Open your terminal in your React project's root directory and run these commands:

# Initialize a new Git repository if you haven't already
git init

# Add all files to the staging area
git add .

# Make your first commit
git commit -m "Initial commit: Ready for deployment"

Next, go to GitHub, create a new **public** repository (do not initialize it with a README). GitHub will give you commands to connect your local repo. They will look like this:

# Rename your branch to 'main' (modern standard)
git branch -M main

# Add the remote repository URL (copy this from your new GitHub repo page)
git remote add origin https://github.com/your-username/your-repo-name.git

# Push your code to GitHub
git push -u origin main

Your code is now on GitHub, ready for Netlify.

Step 2: Sign Up for Netlify

Navigate to Netlify.com and sign up. The easiest and recommended way is to **sign up with your GitHub account**. This will automatically grant Netlify the permissions it needs to see your repositories.

Step 3: Create a New Site from Git

Once you're logged into your Netlify dashboard:

  1. Click the **"Add new site"** button and select **"Import an existing project"**.
  2. You'll be prompted to connect to a Git provider. Click on **GitHub**.
  3. A window will pop up asking you to authorize Netlify. After authorizing, you'll see a list of your GitHub repositories.
  4. Find the repository for your React app and select it.

Step 4: Configure Your Build Settings

This is the most important step, but for a standard app created with `create-react-app`, Netlify is smart enough to figure it out for you. You should see the following settings pre-filled:

  • Branch to deploy: main
  • Build command: npm run build
  • Publish directory: build
The "Build command" tells Netlify how to create a production-ready version of your site. The "Publish directory" tells it where to find the optimized HTML, CSS, and JS files after the build is complete. For `create-react-app`, this is always the `build` folder.

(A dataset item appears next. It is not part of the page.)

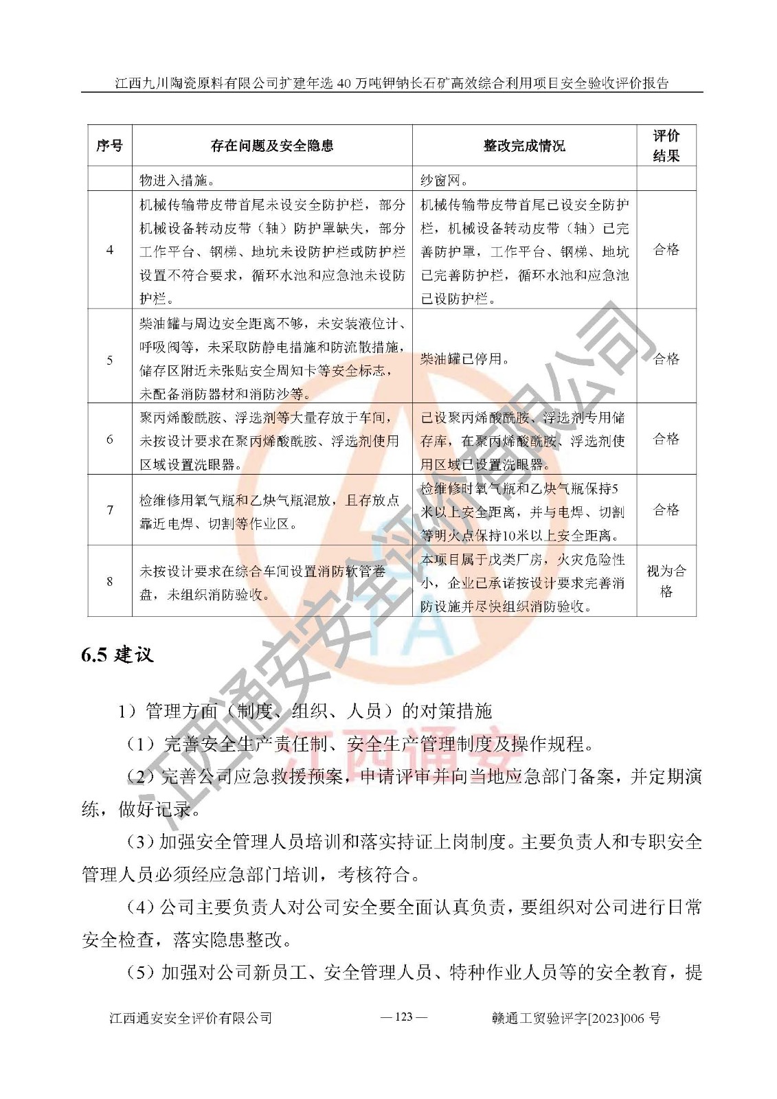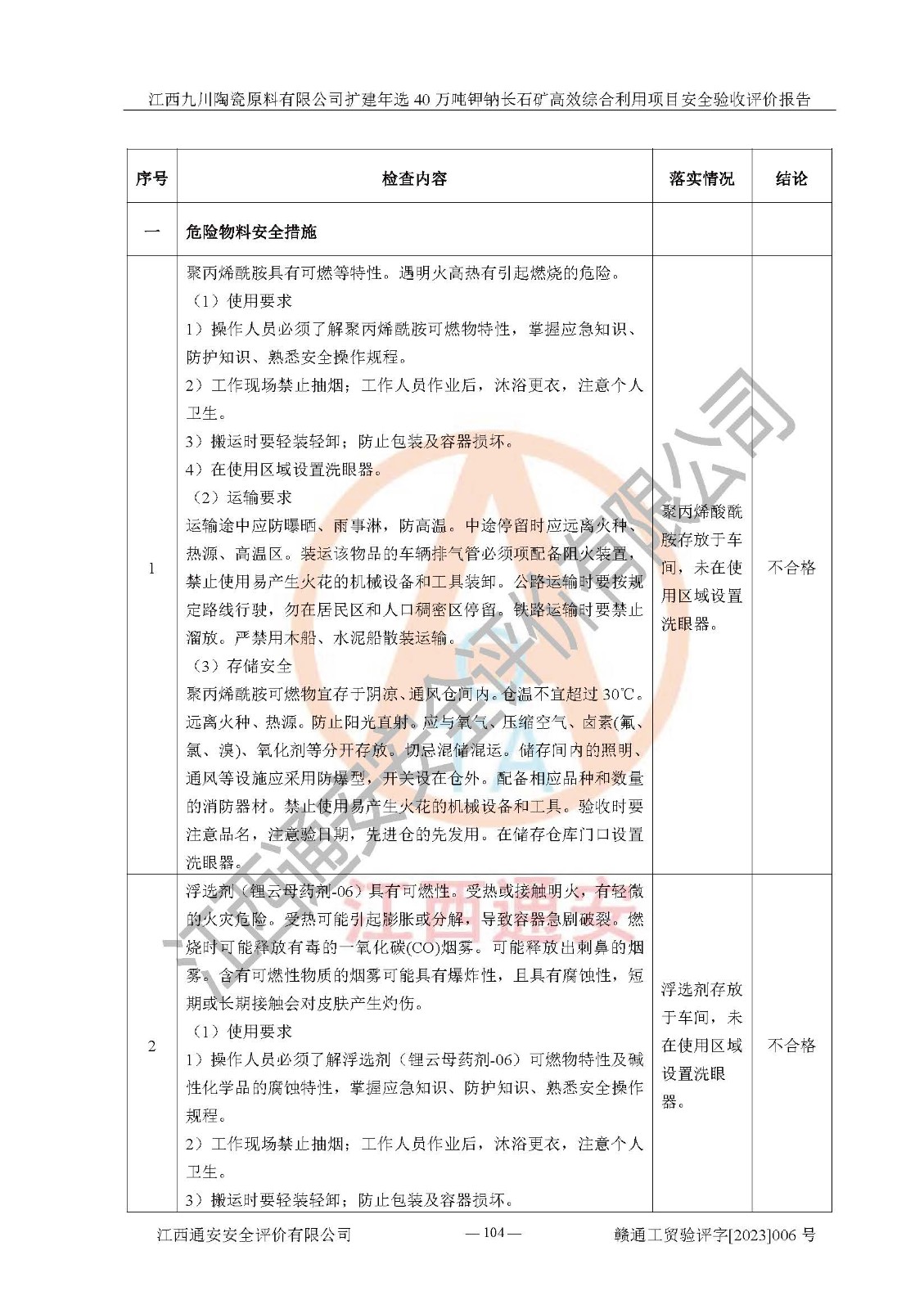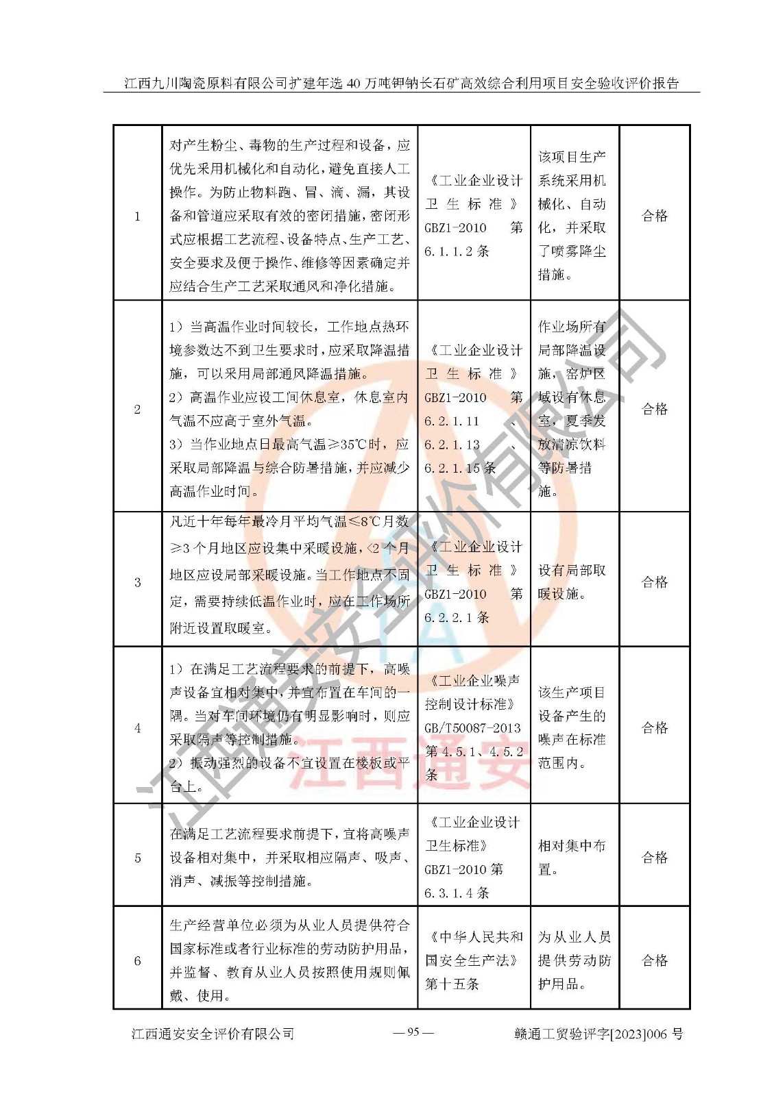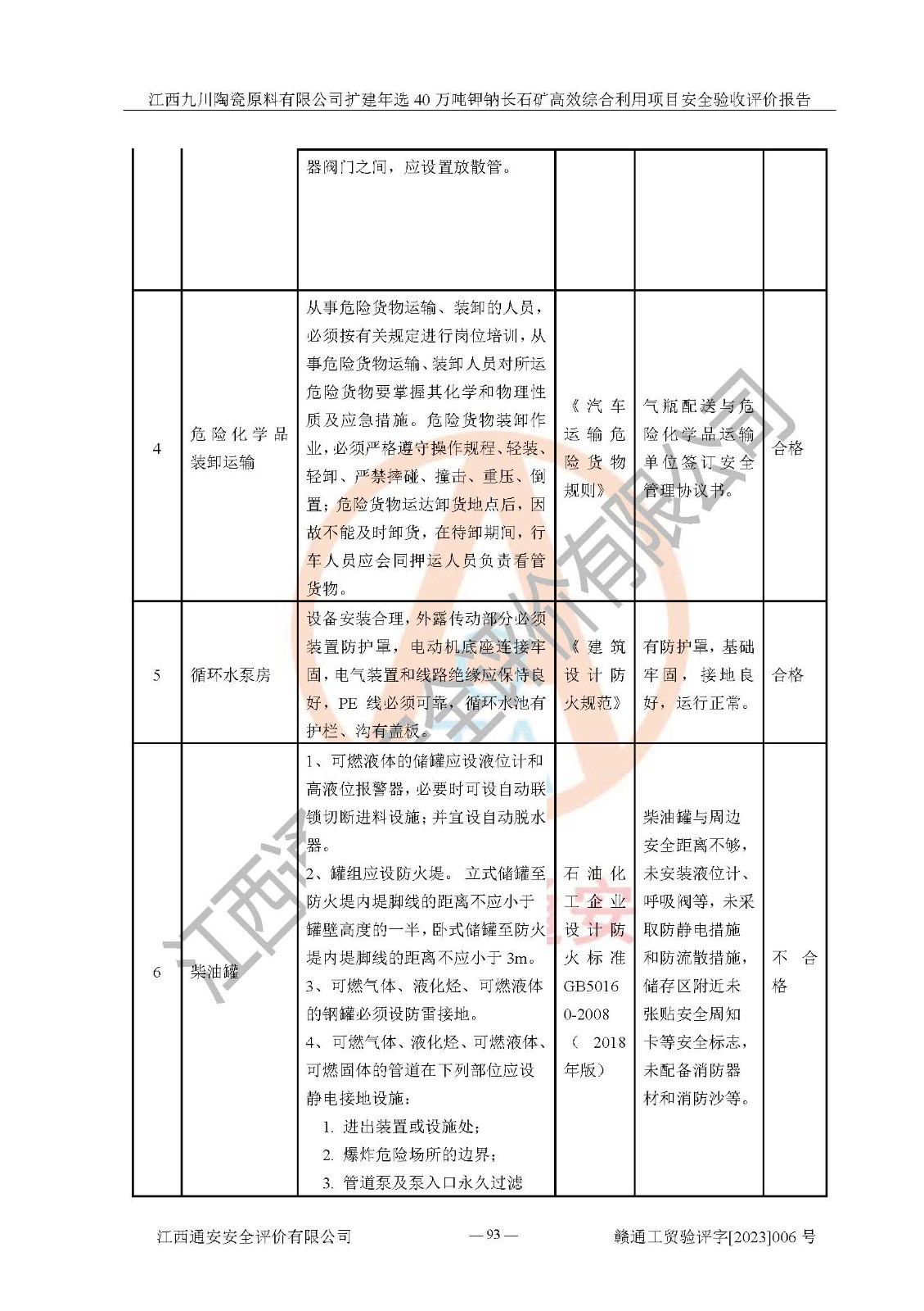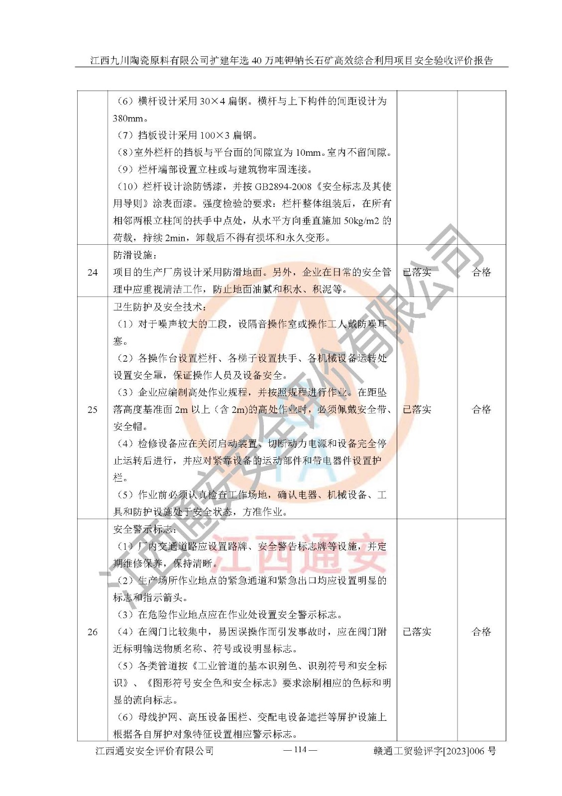 其它 | 根據(jù)《中華人民共和國安全生產(chǎn)法》、《新建項目安全設(shè)施“三同時”監(jiān)督管理辦法》(原**安全生產(chǎn)監(jiān)督管理總局令第77號修訂)等法律法規(guī)的要求,對江西九川陶瓷原料有限公司擴(kuò)建年選40萬噸鉀鈉長石礦**綜合利用項目安全驗收的基本條件進(jìn)行分析,結(jié)果如下: 1)本項目在初步設(shè)計及建設(shè)過程中基本能貫徹執(zhí)行**、地方及有關(guān)部門的安全生產(chǎn)法律法規(guī)、標(biāo)準(zhǔn)要求,取得了**相關(guān)部門的許可、備案。項目的設(shè)計、施工、監(jiān)理等單位均有相應(yīng)資質(zhì)。 2)本項目址選符合要求;總平面布置合理,主要建筑的防火間距符合符合《建筑設(shè)計防火規(guī)范(2018版)》(GB50016-2014)、《工業(yè)企業(yè)總平面設(shè)計規(guī)范》(GB50187-2012)有關(guān)規(guī)范、標(biāo)準(zhǔn)的要求。 3)本項目生產(chǎn)工藝成熟、試運行正常,試運行中過程中工藝和裝置、設(shè)備(設(shè)施)安全、可靠,未發(fā)生安全事故。 4)本項目的特種設(shè)備由有資質(zhì)單位設(shè)計、制造、安裝,特種設(shè)備經(jīng)宜春市特種設(shè)備檢驗中心檢驗合格,符合《中華人民共和國特種設(shè)備安全法》、《特種設(shè)備安全監(jiān)察條例》(中華人民共和國***令第549號)的規(guī)定。特種設(shè)備作業(yè)人員、特種作業(yè)人員均持證上崗。 5)企業(yè)主要負(fù)責(zé)人、安全管理人員均取得了江西省億源企業(yè)咨詢服務(wù)有限公司頒發(fā)的培訓(xùn)證書,特種作業(yè)人員操作證在**期內(nèi),其他從業(yè)人員經(jīng)安全培訓(xùn)符合,取得上崗證。 6)企業(yè)建立有安全管理制度,制定有各類人員的安全生產(chǎn)責(zé)任制、各項安全管理制度和操作規(guī)程。按照**有關(guān)規(guī)定編制了事故應(yīng)急救援預(yù)案并進(jìn)行了備案,并定期進(jìn)行演練等,符合要求。 7)本項目作業(yè)條件危險性分析結(jié)果:在選定的單元的危險程度均為“可能危險,需要注意”或“稍有危險,可以接受”,作業(yè)條件相對安全。 評價結(jié)論: 江西九川陶瓷原料有限公司擴(kuò)建年選40萬噸鉀鈉長石礦**綜合利用項目的安全設(shè)施及安全管理符合**及有關(guān)部門關(guān)于安全生產(chǎn)法律、法規(guī)、標(biāo)準(zhǔn)的要求,該項目試生產(chǎn)以來,工藝設(shè)備、安全設(shè)施及企業(yè)安全管理機(jī)制等運行正常,安全設(shè)施、措施達(dá)到設(shè)計要求和預(yù)期結(jié)果,可以滿足建設(shè)項目安全生產(chǎn)的要求,安全生產(chǎn)管理**,具備竣工驗收條件。 | ||||

Everything should be correct by default. Simply click the **"Deploy site"** button.

Step 5: Your Site is Live!

Netlify will now start the deployment process. You'll see a "Deploying your site..." message. This usually takes a minute or two. Once it's done, the status will change to "Published," and you'll see a live URL at the top of the page, like https://your-adjective-your-noun-12345.netlify.app.

Click it. Congratulations, your React app is now live on the internet!

Step 6: (Optional) A Nicer URL

You can easily change the random URL to something more memorable.

  1. In your site's dashboard on Netlify, go to **"Domain settings"**.
  2. Under "Custom domains," click the **"Options"** button next to your default URL and select **"Edit site name"**.
  3. Choose a new name. As long as it's not taken, your site will be available at https://your-new-name.netlify.app.

The Magic of Continuous Deployment

The best part is now set up. Go back to your local code, make a small change (e.g., change some text), and then commit and push it to GitHub:

git add .
git commit -m "Testing auto-deploy"
git push

Go back to your Netlify dashboard. You'll see that Netlify automatically detected the push and started a new deployment. In a minute, your changes will be live. This is CI/CD in action, and it's a game-changer for development workflow.

Conclusion

You've successfully mastered one of the most crucial parts of the development lifecycle: deployment. By connecting your GitHub repository to Netlify, you've created a powerful, automated workflow that takes your code from your local machine to a global audience in minutes, all for free. You can now confidently build and share any frontend project you create.